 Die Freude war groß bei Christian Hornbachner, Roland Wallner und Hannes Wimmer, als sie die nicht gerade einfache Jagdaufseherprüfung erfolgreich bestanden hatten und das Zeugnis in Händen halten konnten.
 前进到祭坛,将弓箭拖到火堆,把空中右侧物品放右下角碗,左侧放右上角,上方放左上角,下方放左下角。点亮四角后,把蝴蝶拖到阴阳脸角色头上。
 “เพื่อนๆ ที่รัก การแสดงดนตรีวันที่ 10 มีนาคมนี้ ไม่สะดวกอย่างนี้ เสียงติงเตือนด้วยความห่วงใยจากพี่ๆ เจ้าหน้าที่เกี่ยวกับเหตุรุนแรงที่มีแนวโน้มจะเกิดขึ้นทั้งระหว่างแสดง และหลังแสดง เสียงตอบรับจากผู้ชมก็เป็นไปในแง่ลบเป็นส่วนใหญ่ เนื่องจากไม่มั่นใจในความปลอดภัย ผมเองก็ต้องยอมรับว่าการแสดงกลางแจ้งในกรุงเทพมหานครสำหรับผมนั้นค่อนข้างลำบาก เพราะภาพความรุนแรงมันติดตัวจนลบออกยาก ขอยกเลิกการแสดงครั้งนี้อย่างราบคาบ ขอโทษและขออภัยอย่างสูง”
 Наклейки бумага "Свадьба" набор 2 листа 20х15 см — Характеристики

--

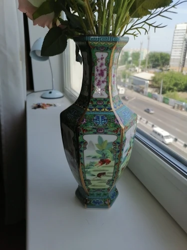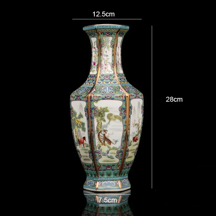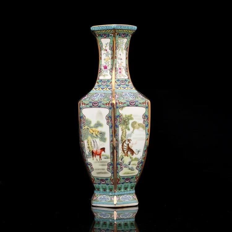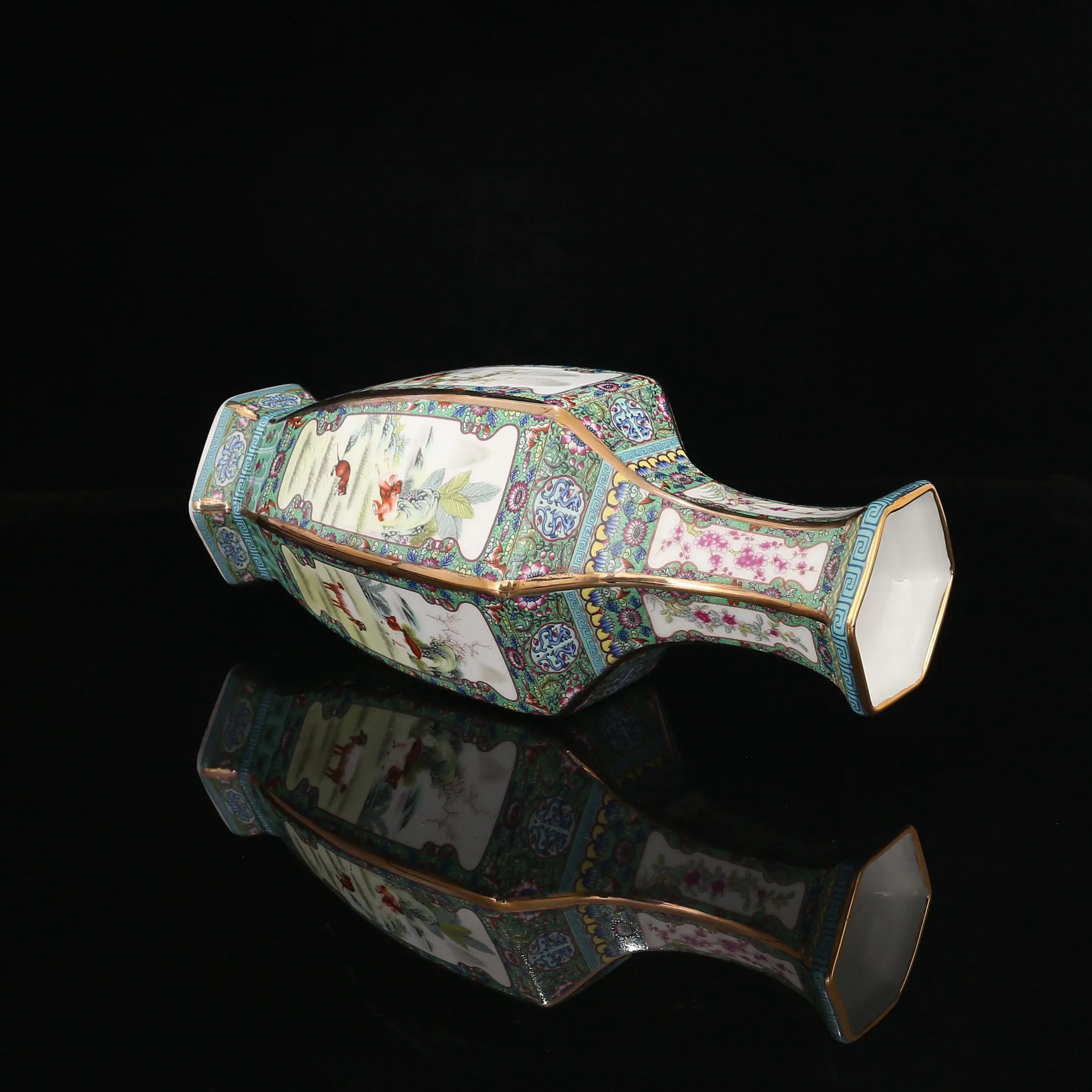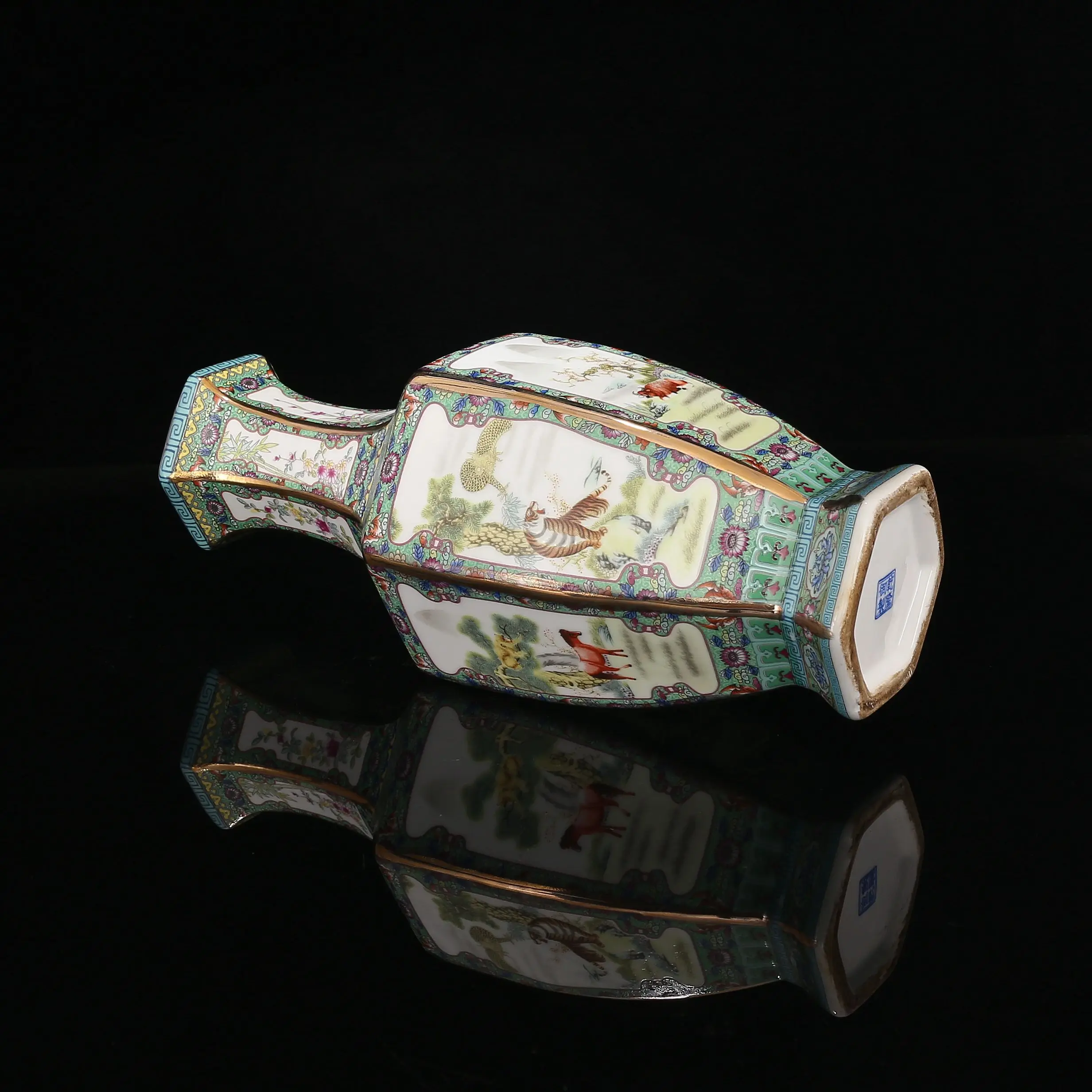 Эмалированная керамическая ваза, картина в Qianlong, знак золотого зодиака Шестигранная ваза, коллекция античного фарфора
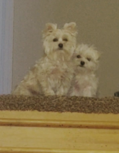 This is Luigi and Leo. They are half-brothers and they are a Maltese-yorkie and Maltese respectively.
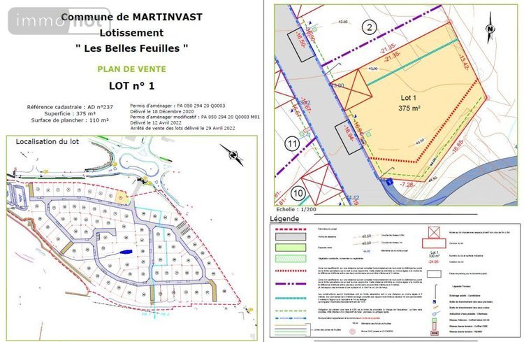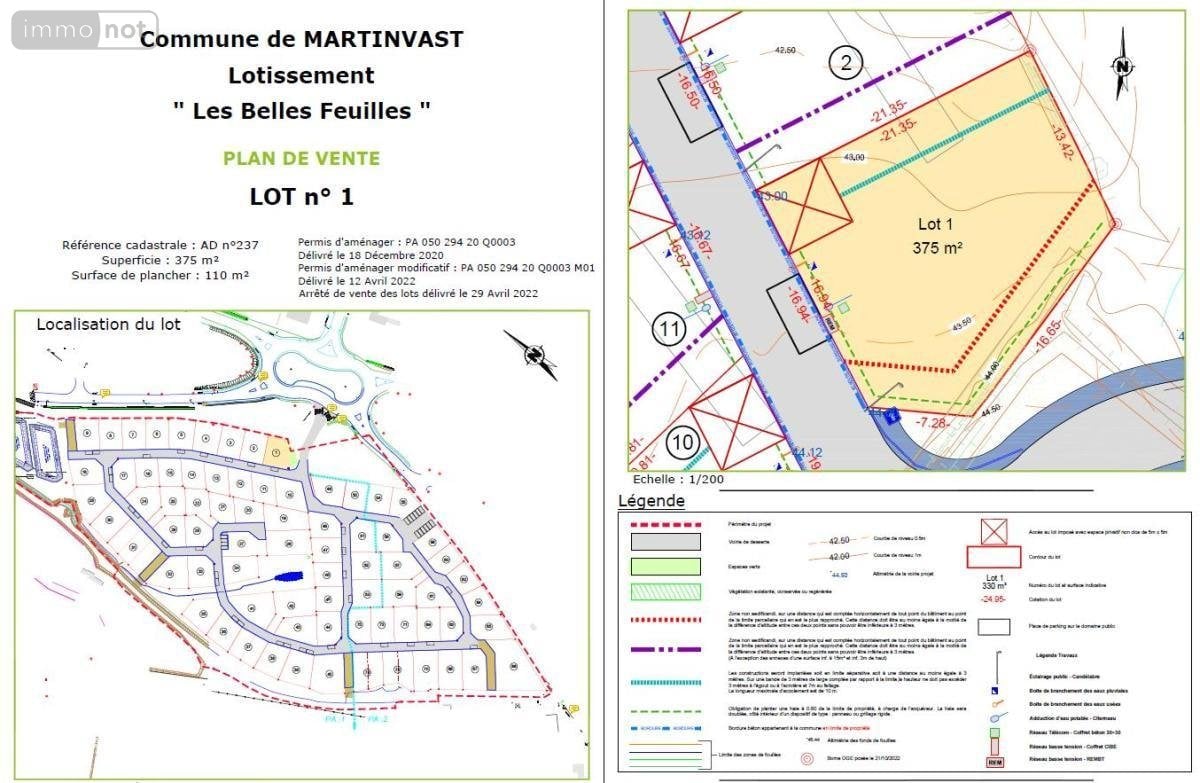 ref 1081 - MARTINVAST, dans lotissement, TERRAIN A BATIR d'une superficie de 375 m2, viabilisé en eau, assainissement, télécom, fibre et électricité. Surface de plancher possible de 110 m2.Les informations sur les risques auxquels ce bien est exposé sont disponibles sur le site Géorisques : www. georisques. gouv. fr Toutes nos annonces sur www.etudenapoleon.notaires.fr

--

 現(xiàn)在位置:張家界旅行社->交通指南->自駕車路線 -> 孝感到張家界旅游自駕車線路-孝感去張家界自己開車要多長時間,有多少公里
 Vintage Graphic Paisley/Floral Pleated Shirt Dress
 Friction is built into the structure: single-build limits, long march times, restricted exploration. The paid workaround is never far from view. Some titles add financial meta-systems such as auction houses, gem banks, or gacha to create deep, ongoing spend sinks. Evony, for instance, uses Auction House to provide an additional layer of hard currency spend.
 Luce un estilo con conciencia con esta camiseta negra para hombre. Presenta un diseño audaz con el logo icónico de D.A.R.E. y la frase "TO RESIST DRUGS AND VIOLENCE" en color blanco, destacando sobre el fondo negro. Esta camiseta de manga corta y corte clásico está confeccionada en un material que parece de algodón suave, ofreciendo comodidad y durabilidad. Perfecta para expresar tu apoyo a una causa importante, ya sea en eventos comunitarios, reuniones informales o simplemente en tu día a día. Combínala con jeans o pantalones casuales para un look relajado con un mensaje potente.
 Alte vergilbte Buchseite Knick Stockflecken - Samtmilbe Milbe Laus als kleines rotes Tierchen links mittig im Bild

--

■ **YOUR ASSIGNMENT**
Set down only the lines above that fall between the line holding "Die Freude war" and the line holding "前进到祭坛,将弓箭拖到火堆,把空中右侧物", inclusive, keeping each exact.

■ **TASK SOLUTION**
 Die Freude war groß bei Christian Hornbachner, Roland Wallner und Hannes Wimmer, als sie die nicht gerade einfache Jagdaufseherprüfung erfolgreich bestanden hatten und das Zeugnis in Händen halten konnten.
 前进到祭坛,将弓箭拖到火堆,把空中右侧物品放右下角碗,左侧放右上角,上方放左上角,下方放左下角。点亮四角后,把蝴蝶拖到阴阳脸角色头上。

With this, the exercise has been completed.